The average CPA firm services over 800 clients each year. Typically, advisors want to build relationships with a CPA with the hope of being introduced to those clients. But the reality is, most of these relationships produce less than 10 introductions each year (yes, really). Is it worth the time you invest into that relationship for just a handful of introductions each year?
What if you could get more than that? It’s possible. You just have to get a little creative.
Typically, the approach that financial advisors take in their relationships with CPAs is modeled after what worked once upon a time for someone else. Unfortunately, given the growing adversity among both advisors and tax professionals, what worked for someone else, with someone else, sometime long ago, likely will not work for you.
One of the most powerful ways to enhance your relationships with CPAs is to understand the character traits generally seen in those drawn to the accounting field and how they can potentially get in the way of the CPA/Financial Advisor relationship. Let’s explore:
- CPAs are rarely proactive. The “referral” method relies on the CPA to proactively think of their clients in order to recommend the best qualified candidates for a meeting with you, their advisor partner. Most CPAs are conditioned and have decades of experience, working reactively. They are used to being “historians” – recording the previous year’s activity for their clients. They rarely take the opportunity to do future planning, and honestly, most CPAs simply lack the time to do it. The 10 referrals per year we mentioned earlier generally come when a client specifically requests help with financial services. When asked, CPAs will happily make an introduction, but getting the clients to ask may be a challenge. If your partnering strategy relies on the CPA suddenly becoming proactive, it may be doomed from the start.
- Providing referrals is a lot of work. CPAs rarely have enough time to take on additional, non-billable work. Tax pros get paid based on the amount of time allocated to work with a client. Additional time spent developing their business, meeting with you, and contacting their clients about additional services they may need from you, is viewed as non-billable time. Since every minute of the day represents revenue, they may see this time as a loss in profits.

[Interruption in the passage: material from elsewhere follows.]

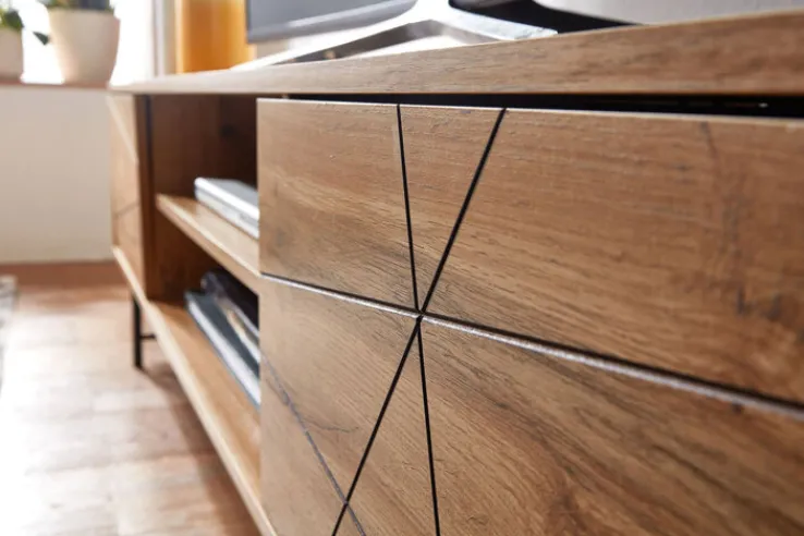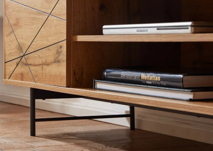 Dieses schicke Board zeigt dunkles Eichendekor in Holznachbildung mit einer starken Maserung. Darauf ziehen sich schmale schwarze Linien hin. In der Mitte werden Geräte platziert, hier finden sich die Kabeldurchlässe. Hinter den Drehtüren haben Technikutensilien, Anleitungen, die Fernbedienung oder CDs Platz. Auf seinen schmalen, pulverbeschichteten Eisenfüßen scheint der Korpus fast zu schweben. Das Möbel ist dennoch robust und trägt problemlos 25 kg.

- CPAs are typically not motivated by an offer to split commissions. The ability to remain unbiased and independent is a core value of accountants. CPAs often view referral compensation as potentially compromising to their objectivity. If your current relationship strategy includes motivating your partner with the promise of lucrative bonuses and commissions, you may find your target partner repelled by your proposal.
- CPAs fear losing their “most trusted advisor” Similar to the issue with motivating through commissions, CPAs fear deep down, that if they endorse an advisors recommendations, they will lose their credibility or their trust level will become diminished. Remember, in a traditional referral strategy, you are asking the CPA to do something completely different then they have done before. It is far easier (and safer) to reject something new then to risk negative consequences they fear.
Now you may be asking yourself: With all of these obstacles, how are there any successful CPA/Advisor relationships?
Many of the most successful relationships we’ve noticed come about due to sheer luck, atypical CPA personality types, or deeper personal relationships before beginning a professional relationship.
If you don’t want to spend decades looking for these unusual circumstances – maybe it’s time to try a different approach. Instead of looking to change the natural tendencies of CPAs, learn to harness the advantages of them.
If your current model requires the CPA to suddenly develop a skill in proactive planning, chances are it isn’t going to work in your favor. Knowing this, you, the advisor, can use your own skills in proactive planning to develop that part of the relationship.
Help your CPA partners to get paid by the client for the extra time you need them to spend in order to create a connection. Most advisors are more skilled in sales than CPAs. Put those skills to work and strengthen your partnership by assisting with that conversation before the time is even spent.
Help your partner see that by bringing in additional specialists to the team, they will be seen as an even more trusted advisor. Communicate to the CPA the benefits and deepening relationships that can grow as a result of adding more specialists to the team. Remind them that not making that referral could actually hurt them in the long run. One person cannot be an expert in all things and by refusing to make that referral, the CPA could be keeping their clients away from the best solutions out there.
Finally, find out what really motivates your CPA partner. Don’t assume he or she is interested in sharing commissions. Building a true connection and active listening skills can help cue you in on ways you can offer support and value to your new partner. This way you can find out what they really want, and put yourself in a position to provide it.